HANOI (AFP) – Millions of people across Southeast Asia struggled yesterday with flooded homes, power cuts and wrecked infrastructure after Typhoon Yagi swept through the region, as the death toll passed 200.
In worst-hit Vietnam the fatalities rose to 197, with nine confirmed dead in northern Thailand – where one district is suffering its worst floods in 80 years.
Yagi smashed into Vietnam at the weekend, bringing a colossal deluge of rain that has inundated a swathe of northern Vietnam, Laos, Thailand and Myanmar, triggering deadly landslides and widespread river flooding.
One farmer told AFP his entire 1,800 square metre peach blossom plantation was submerged, destroying all 400 of his trees.
“It will be so hard for me to recover from this loss – I think I will lose up to USD40,000 this season,” said the farmer, who gave his name only as Tu.
“I really don’t know what to do now, I’m just waiting for the water to recede.”
The United Nations children’s agency (UNICEF) said the typhoon had damaged more than 140,000 homes across 26 provinces in Vietnam.
UNICEF said it has provided water for homes, health centres and schools in the worst-affected areas and would send medical and sanitation supplies to the Vietnamese government in the coming days.
The high waters have devastated more than 250,000 hectares of crops and huge numbers of livestock, Vietnam’s agriculture ministry said, with farmland around Hanoi hit hard.
Commuters in parts of the Vietnamese capital trudged to work through shin-deep brown floodwaters, though officials said river levels in the city are slowly falling after hitting a 20-year high on Wednesday.
Thousands have been forced to evacuate their homes, while others are struggling with power cuts, and in one badly hit district on the outskirts of Hanoi, more than 15,000 people have been affected by the floods.

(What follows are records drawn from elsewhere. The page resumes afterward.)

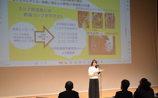 2023年3月よりしもそがWORKSとSDGsに貢献した横浜産コンブを活用した水福連携を開始。廃棄予定の下曽我産梅干の種を生かした入浴剤を考案・有効活用し、小田原型サーキュラーエコノミーを実践。
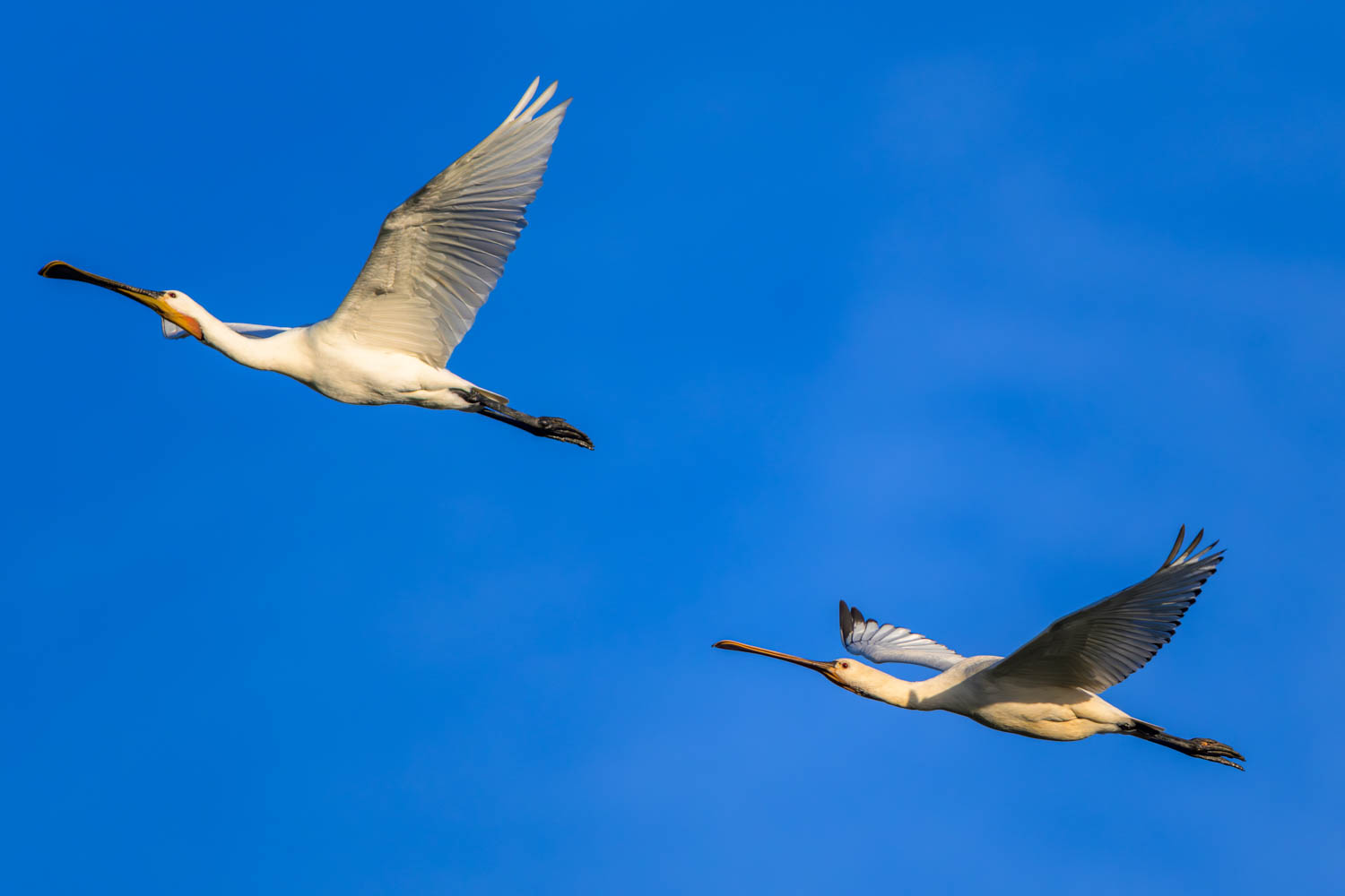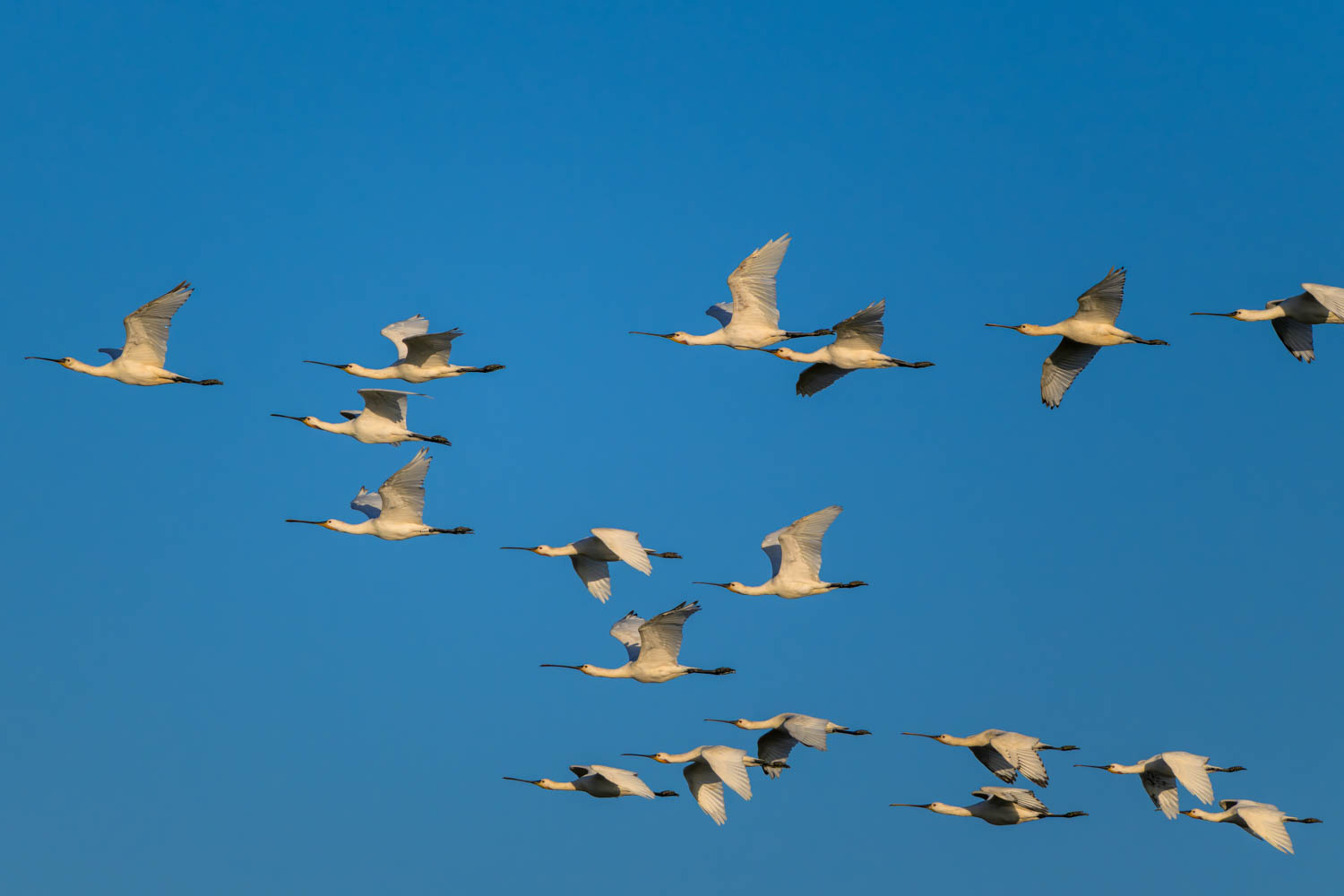 Am Nachmittag zogen Schwärme von Löfflern (Platalea leucorodia) über uns hinweg.
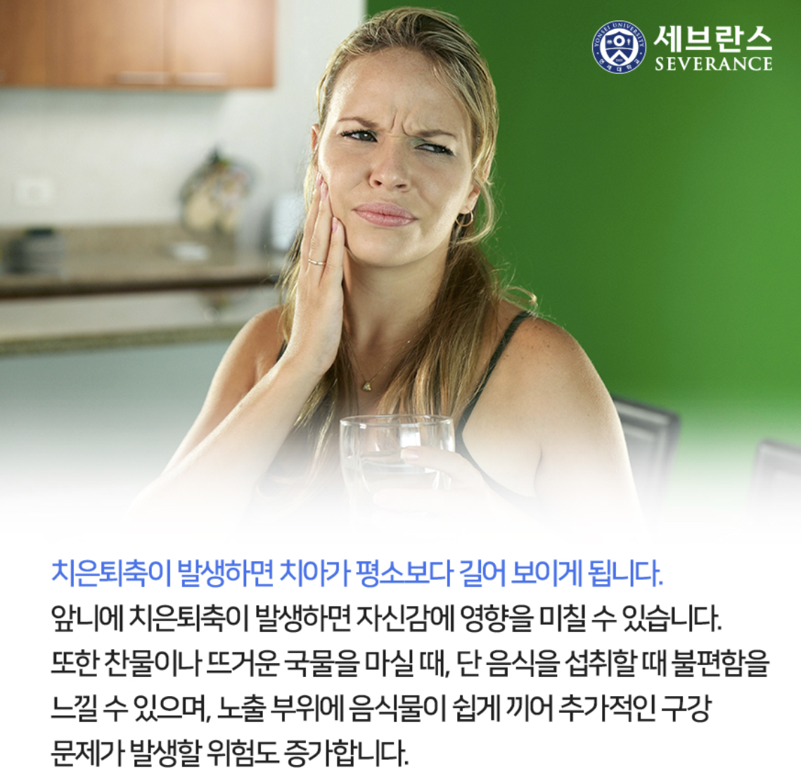 치아가 길어 보이고 시린 증상, 음식물이 더 잘 끼는 등의 문제가 발생할 수 있습니다.
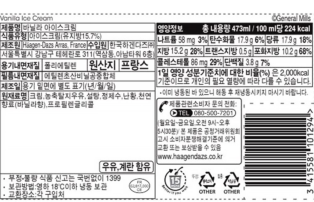 | 제품명 | 바닐라 아이스크림 | 식품의 유형 | 컨텐츠 참조 |
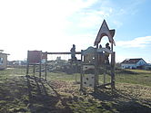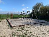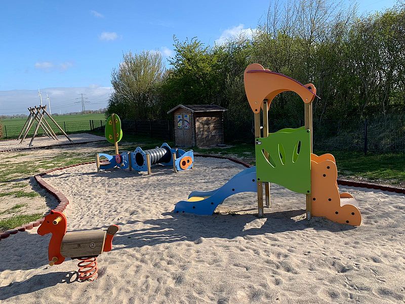 Die Kita verfügt über ein großzügig gestaltetes Außengelände. Auf diesem befinden sich Klettermöglichkeiten für Krippen- und Kindergartenkinder, wie Schaukeln, Rutschen und Sandkisten, einem Bolzplatz und vielen freien Flächen für kreative Spiele.
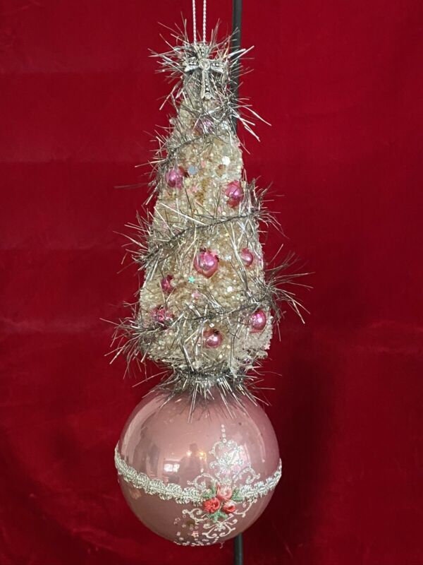 Title (ebay affiliate link): Vintage Pink Rose Mercury Glass Bulb Bead Tinsel Jewel Christmas Tree Ornament
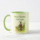 The bunny rabbit on this mug has a serious message to convey: Make America Kind Again. You can easily change or remove the text.
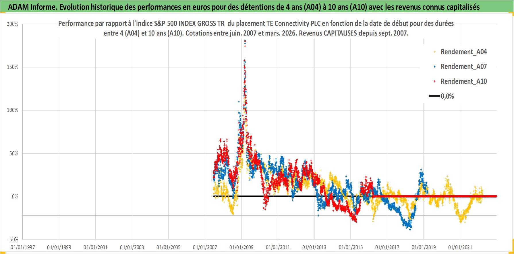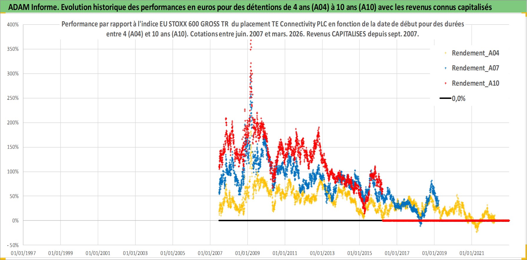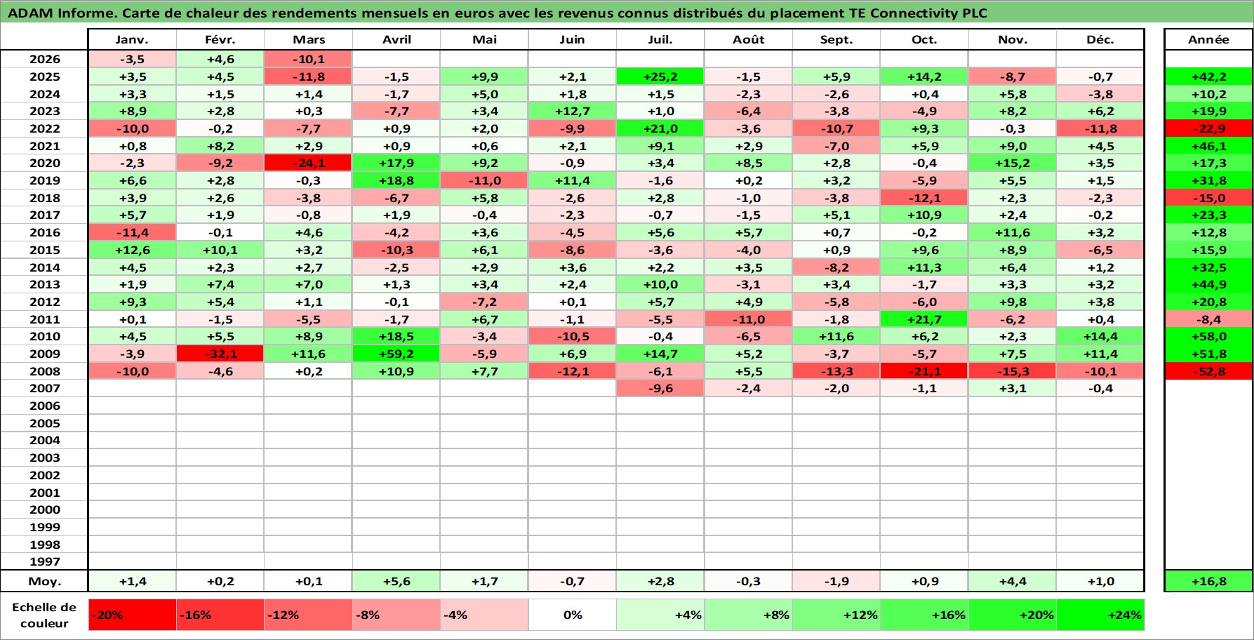 Site dédié aux investisseursPage dédiée sur site financeAnalyse des valorisations hebdomadaires de l'action TE Connectivity PLC. Cet actif est cote en USD. Les valorisations sont en contrevaleur EURO et couvrent les semaines 2007W24 a 2026W13. Les revenus de cet actif financier sont pris en compte depuis la semaine 2007W39. La note globale ESG de cet actif est estimee a 13.0 (apres rebasage entre 0 et 20).
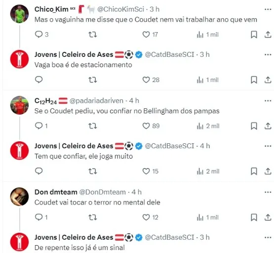 “Coudet faz pedido especial para Matheus Dias não deixar o clube e promete oportunidades para o meio-campista. A cria do Celeiro conta com a admiração de Chacho, que quer transformá-lo na próxima grande venda do Inter”, disse o jornalista Alexandre Ernst, do Vozes do Gigante.
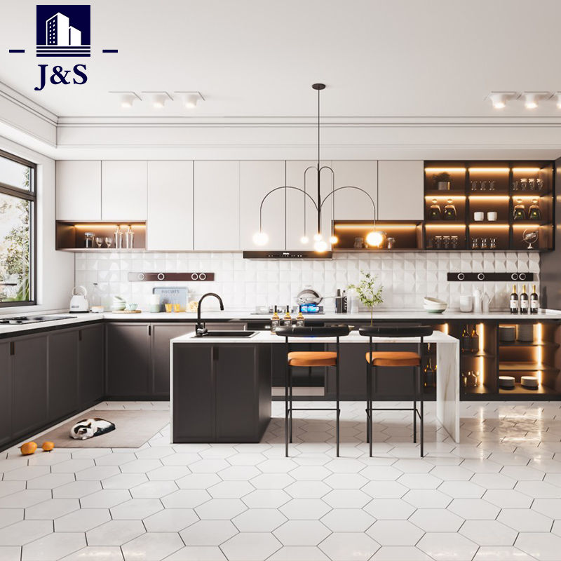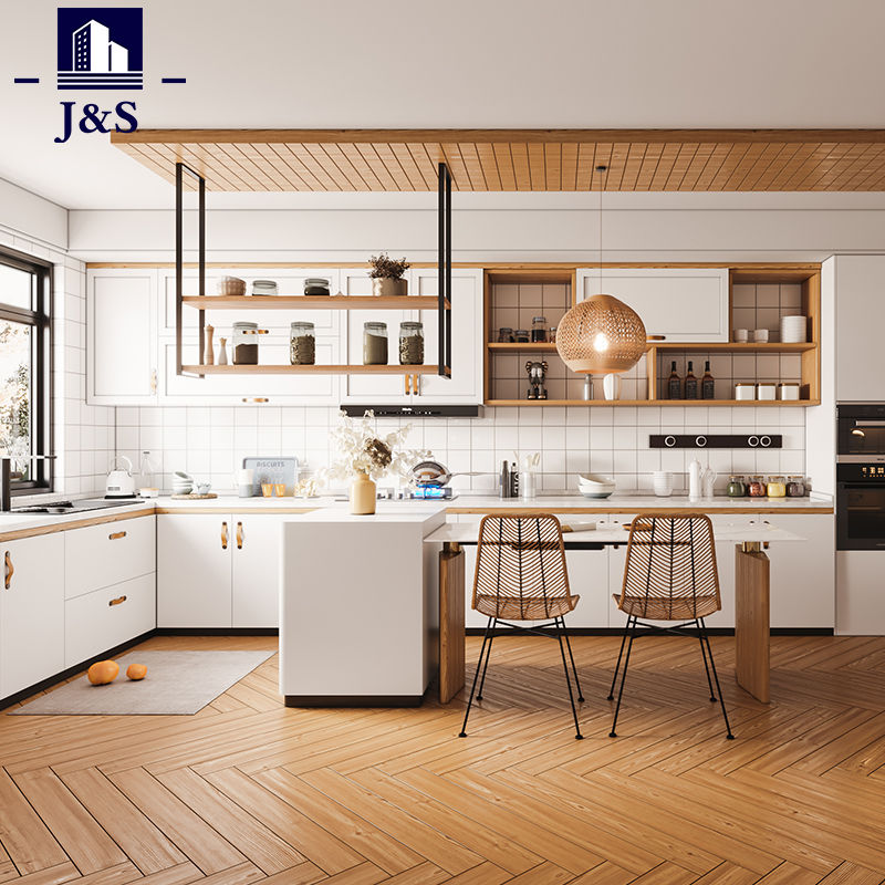 El armario de cocina de pintura de dos paquetes hecho a medida con hermosos diseños de cocina de J&S Supply es un tipo de puerta que les gusta a muchos clientes, es simple y parece más clásico, pero también moderno, este tipo de puerta en cualquier edad los usuarios son más populares, este es un costo muy alto. tipo de puerta efectiva.
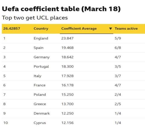聯賽階段紅紅火火6隊全部存活,到1/8決賽慘案不斷4隊出局,英超諸強在今年歐冠的大起又大落不能不說是個很熱鬧的話題。而這究竟是虛假繁榮還是時運不佳,這裏就不做細致的討論,隻講一個很現實的問題:在遭遇一番“血洗”之後,英超下賽季還能獲得那張額外的歐冠門票嗎?也就是英超究竟“前四踢歐冠還是前五踢歐冠”。正式答案目前還不能公布,但基本可以確定的是,英超繼續拿到5個名額問題不大。
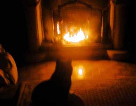 Et avec mon chat , nous regardions le feu dans la cheminée !
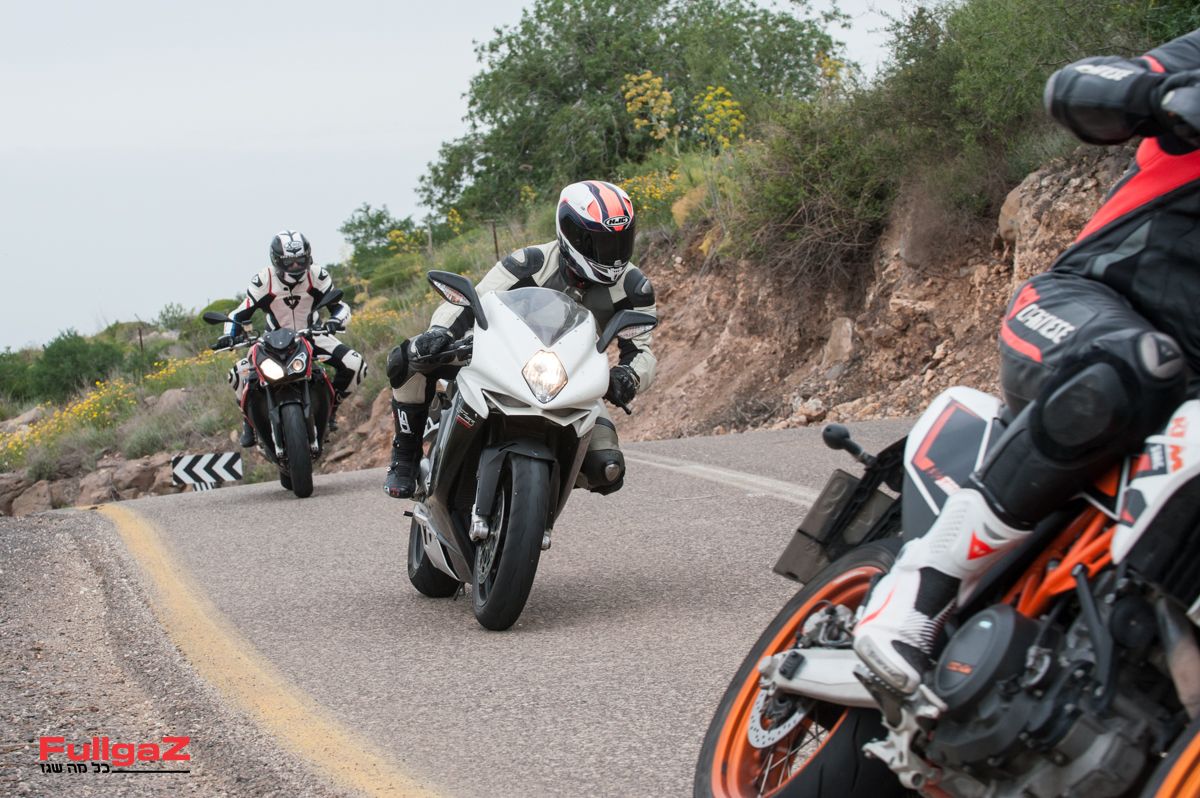 בדרכנו צפונה אל הכנרת, כביש 90 נפתח אל סדרה בלתי נגמרת של סוויפרים ארוכים ומהירים על אספלט מעולה. בדיוק המקום לעזוב את אביעד והק.ט.מ ולתת דרור למנועים שמורידים לכביש 148 כוחות סוס במקרה של ה-F3 ו-160 במקרה של ה-S1000R. אני יושב על הזנב של נמרוד ושומע דרך הסקאלה ריידר PACKTALK איך אביעד מתרחק ומתנתק ואת צעקות האושר של נמרוד שמתורגמות לדרך שבה הוא זז על האופנוע, מרים, מוריד, דוחף. הוא זרע בדמעה כל הדרך וגם עכשיו הוא עובד קשה, אבל סוף סוף הוא קוצר. הוא מתאר לי באוזנייה כל פעולה שהוא עושה ואיך האופנוע מגיב בצורה שהוא לא חווה על אף אופנוע לפני זה. זה גם ניכר בעין ככל שהמהירות והעומסים עולים, ונראה שה-MV אגוסטה יותר ויותר מתיישב לתוך ה'זון' שלו.
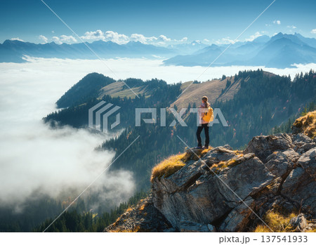 Woman with backpack on mountain ridge above a sea of clouds
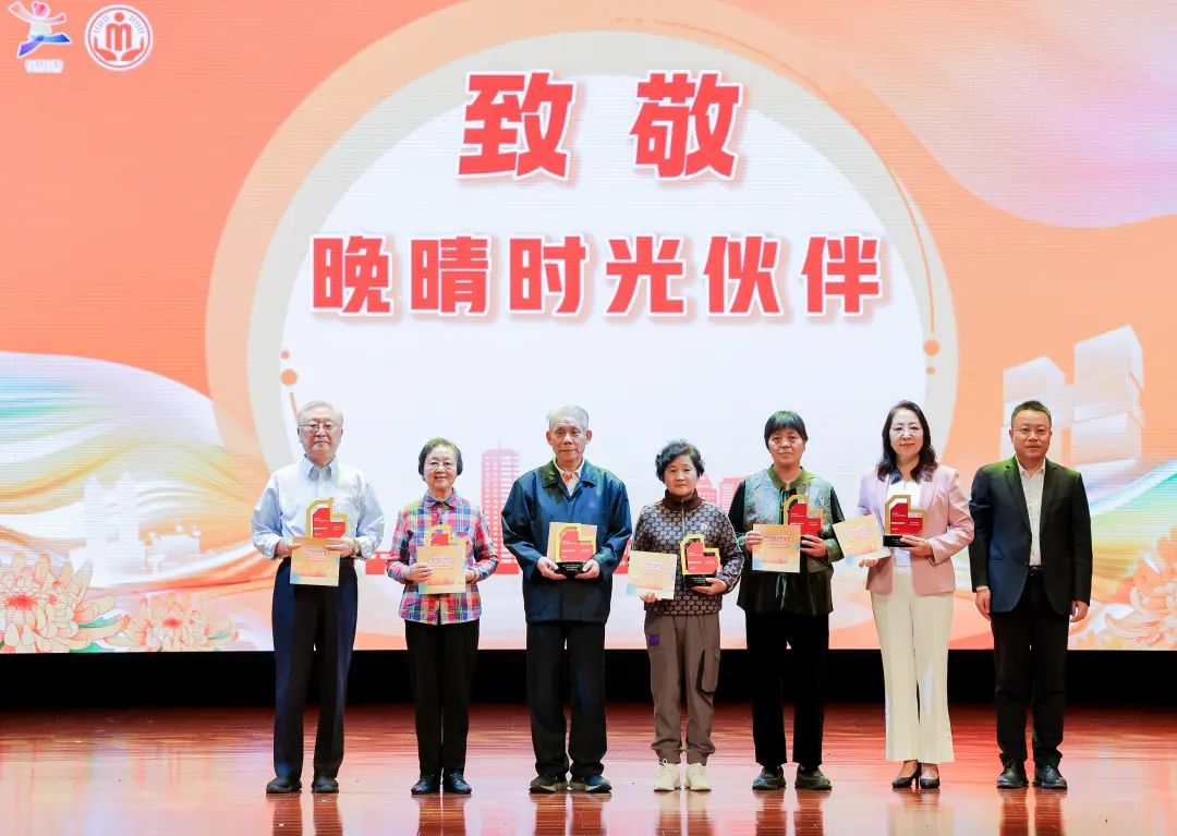 而作为敬老月的主角,银发少年们在梦想舞台上大放异彩,也展现了积极向上的生活态度。为支持鼓励老年人老有所乐、老有所为,现场为坚持发挥余热的“晚晴时光伙伴”们颁发致敬纪念杯,为坚持追梦有为的“梦想家”们颁发梦想勋章,并邀请他们作为“五福临门关爱到家”家庭照护床位服务的首批免费体验者。该项服务聚焦老年人的助餐、助洁、助医、助行、助乐需求,包括三餐有味“享口福”、居家有爱“享清福”、老有所医“享康福”、出行有伴“享行福”、生活有趣“享乐福”等,全部由上海市老年基金会普陀区代表处、上海市养老服务和老龄产业协会普陀区办事处、普陀区养老服务行业惠敬老·靠谱党建联盟共同提供。
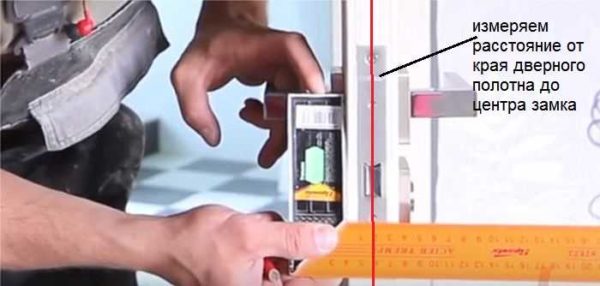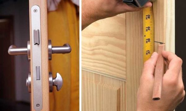 Перед тем как врезать замок в межкомнатную дверь, отмечаем выбранную высоту на двери. Сделать это удобнее при помощи рулетки. Отметку ставим на торце, переносим при помощи угольника или строительного уровня на обе стороны дверного полотна.
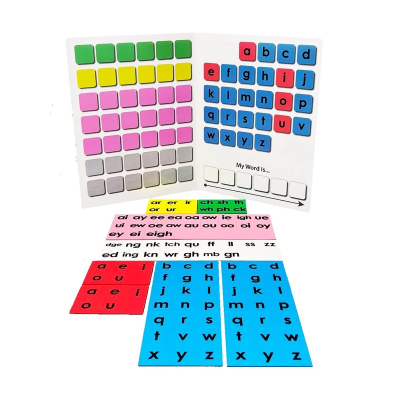 • Includes a convenient 12" x 18" full color magnetic board that folds compactly to 9" x 12" that provides ample space for magnetic manipulation and has space for additional word building activities on the back.

Vietnamese state media said a landslide in mountainous Lao Cai province killed seven people with 11 missing.
The incident happened on Tuesday but details have only just got through because communication with the area was cut off, officials told state media.
This comes in addition to a separate landslide in the same province that annihilated an entire village of 37 houses, killing at least 42 people with 53 still unaccounted for.
Fifteen bodies have been recovered in Cao Bang province after a landslide on Monday pushed a bus, along with several cars and motorbikes, into a stream, state media said yesterday.
The Mekong River Commission, the international body overseeing the crucial waterway, issued a flood warning yesterday for the historic Laotian city of Luang Prabang.